Один в допросной, Пфефферкорн крепко зажмурился, отгоняя видение изуродованного трупа Хесуса Марии де Ланчбокса. Подумал, что теперь вряд ли когда закажет ригатони. Он еще не очухался, как вернулись детективы — Канола, улыбчивый негр в бабьих солнцезащитных очках, и Сокдолагер, небритый белый. Благодаря огромному брюху рубашка его была без единой морщины.
— Ладушки-оладушки, — сказал Канола. — Начнем по новой.
Они задают одни и те же вопросы, чтобы на чем-нибудь подловить, смекнул Пфефферкорн. В пятый раз он пересказал события вечера. Вновь поведал о тревоге, вспыхнувшей при виде открытых ворот, и душераздирающем собачьем вое.
— Славная байка, — похвалил Канола. — Не зря вы писатель.
— Это не байка.
— Он же не назвал вас вруном, — сказал Сокдолагер.
— Отдаю должное вашему умению закрутить сюжет, — сказал Канола.
Пфефферкорн вытерпел многочасовой допрос, но затем потребовал адвоката.
— Зачем вам адвокат?
— Я арестован?
Детективы переглянулись.
— Если нет, — сказал Пфефферкорн, — я, пожалуй, пойду.
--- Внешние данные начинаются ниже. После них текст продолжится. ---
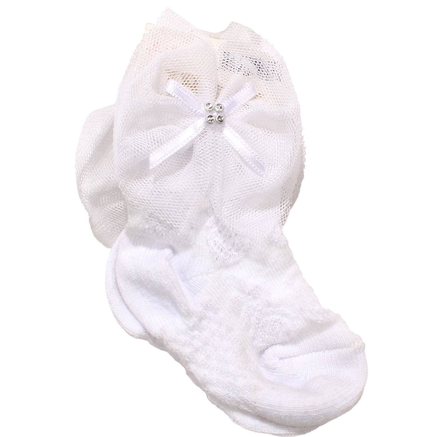 Kız Bebek Beyaz Tüllü Kurdelalı Çorap 0-6 Ay

— Хорошо, — покладисто кивнул Канола и встал.
Встал Сокдолагер.
Встал Пфефферкорн.
— Артур Пфефферкорн, вы арестованы, — сказал Сокдолагер.
Пфефферкорн был уверен, что дикое недоразумение вскоре разъяснится, и, не желая пугать дочь, право на звонок использовал для связи с литагентом, но тот не ответил. После процедуры оформления его препроводили в камеру, где уже сидел молодой истатуированный уголовник.
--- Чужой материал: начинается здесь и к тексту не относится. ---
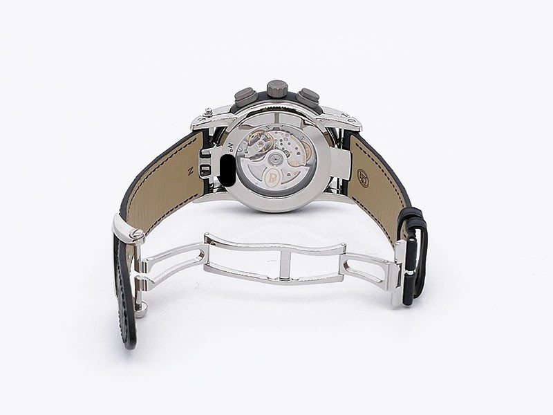 Swiss made Transforma Rivage Chronograph body crafted from lightweight titanium and high-tech carbon round shaped case, reserve up to ± 50hours. Graphite dial with Date, Transforma, Black Calfskin strap with Pf Titanium Deployment Buckle.| Brand | Parmigiani |

— А как же мой звонок? — спросил Пфефферкорн.
— С меня какой спрос, — сказал конвоир.
— Но…
Дверь захлопнулась.
Пфефферкорн растерянно замер.
— Не дергайся, кореш, — сказал бандит. — Привыкай.
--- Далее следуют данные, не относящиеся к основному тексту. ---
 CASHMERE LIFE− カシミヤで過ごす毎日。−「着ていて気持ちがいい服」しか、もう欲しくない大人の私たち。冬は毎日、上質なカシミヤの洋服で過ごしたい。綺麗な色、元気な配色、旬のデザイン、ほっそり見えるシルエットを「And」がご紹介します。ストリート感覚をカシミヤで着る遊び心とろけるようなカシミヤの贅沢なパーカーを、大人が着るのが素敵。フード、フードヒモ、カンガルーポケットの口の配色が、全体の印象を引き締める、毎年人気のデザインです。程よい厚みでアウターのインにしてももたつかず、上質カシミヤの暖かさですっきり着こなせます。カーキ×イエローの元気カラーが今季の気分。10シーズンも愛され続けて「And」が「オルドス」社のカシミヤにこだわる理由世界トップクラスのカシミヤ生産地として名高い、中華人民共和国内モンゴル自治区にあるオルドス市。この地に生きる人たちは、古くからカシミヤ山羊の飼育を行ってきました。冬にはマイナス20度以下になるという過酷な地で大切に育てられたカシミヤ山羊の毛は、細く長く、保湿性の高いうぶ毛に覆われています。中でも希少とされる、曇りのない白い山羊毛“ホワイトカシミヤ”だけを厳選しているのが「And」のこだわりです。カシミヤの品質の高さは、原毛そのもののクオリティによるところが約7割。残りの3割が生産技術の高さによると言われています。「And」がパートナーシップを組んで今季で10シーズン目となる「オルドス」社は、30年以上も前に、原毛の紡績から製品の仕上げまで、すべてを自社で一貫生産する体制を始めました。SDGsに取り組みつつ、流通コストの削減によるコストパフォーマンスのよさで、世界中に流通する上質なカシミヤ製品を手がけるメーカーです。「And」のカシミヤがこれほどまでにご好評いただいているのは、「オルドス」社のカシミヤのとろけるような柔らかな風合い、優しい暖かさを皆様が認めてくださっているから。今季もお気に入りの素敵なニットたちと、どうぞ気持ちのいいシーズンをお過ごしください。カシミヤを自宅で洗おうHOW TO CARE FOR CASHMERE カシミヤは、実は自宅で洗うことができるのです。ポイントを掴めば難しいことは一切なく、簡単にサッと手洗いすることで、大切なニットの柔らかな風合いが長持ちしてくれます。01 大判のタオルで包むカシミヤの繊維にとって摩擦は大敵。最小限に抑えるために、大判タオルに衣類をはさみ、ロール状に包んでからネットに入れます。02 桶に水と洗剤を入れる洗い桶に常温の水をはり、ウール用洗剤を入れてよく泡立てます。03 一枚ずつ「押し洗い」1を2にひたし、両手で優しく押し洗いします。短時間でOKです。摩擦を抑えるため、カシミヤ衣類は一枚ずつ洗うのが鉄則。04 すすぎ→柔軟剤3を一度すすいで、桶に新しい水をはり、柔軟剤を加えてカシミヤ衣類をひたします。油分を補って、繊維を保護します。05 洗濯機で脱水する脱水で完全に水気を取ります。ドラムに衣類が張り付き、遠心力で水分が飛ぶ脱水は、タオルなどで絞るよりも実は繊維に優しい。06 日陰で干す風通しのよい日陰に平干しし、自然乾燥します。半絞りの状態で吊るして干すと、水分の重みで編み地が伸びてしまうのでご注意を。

Не глядя на сокамерника, Пфефферкорн забрался на верхнюю шконку. Он где-то слышал, что в тюрьме на соседей лучше не пялиться. Могут неверно истолковать. Улегшись, Пфефферкорн стал размышлять. Утром предъявят обвинение. А сейчас-то что? Упекли, точно заурядного уголовника. А как же залог? Или подписка? Выход на волю за примерное поведение? Черт его знает, как оно все действует. Сидеть не приходилось. Ну да. Ведь он законопослушный гражданин. Пфефферкорн возмущенно поерзал. Потом пришла мысль о Карлотте, и злость сменилась мучительной тревогой. Кто знает, что с ней случилось. Если копы решили, что его арестом раскрыли дело, они подвергают ее смертельной опасности… А вдруг ее уже нет в живых? Время ускользало. Пфефферкорн застонал. Казалось, его по горло закопали в песок.
— Уймись, кореш.
Пфефферкорн стиснул кулаки и затих.
Вскоре заныла сирена.
— На шамовку, — сказал уголовник.
В столовой звенело адское эхо голосов и грохота посуды. Пфефферкорн взял поднос и понуро сел в сторонке, скрестив руки на груди. Во что бы то ни стало надо позвонить.
— Не оголодал, что ли?
Сердце Пфефферкорна противно екнуло, когда сокамерник сел напротив.
— Чего накосячил-то?
Пфефферкорн скривился.
— Ничего.
— Ишь ты?
— Нет.
— А чего ж тебя сюда?
— Обвиняют в преступлении, которого я не совершал, — сказал Пфефферкорн.
Бандит заржал:
— Во совпадение! Меня тоже.
Он согнул руку в локте, отчего Дева Мария на его плече похотливо качнула бедрами. Под горлом его дугой шла надпись готическими буквами:
— Чего-то углядел, кореш? — спросил уголовник.
Пфефферкорн отвел взгляд.
— Нет.
Столовка гудела и громыхала.
— Смысл-то сечешь? — спросил бандит.
Пфефферкорн кивнул.
— Ну тогда ладно. — Уголовник встал. — Жри давай.
— Пфефферкорн, Деречо! На выход!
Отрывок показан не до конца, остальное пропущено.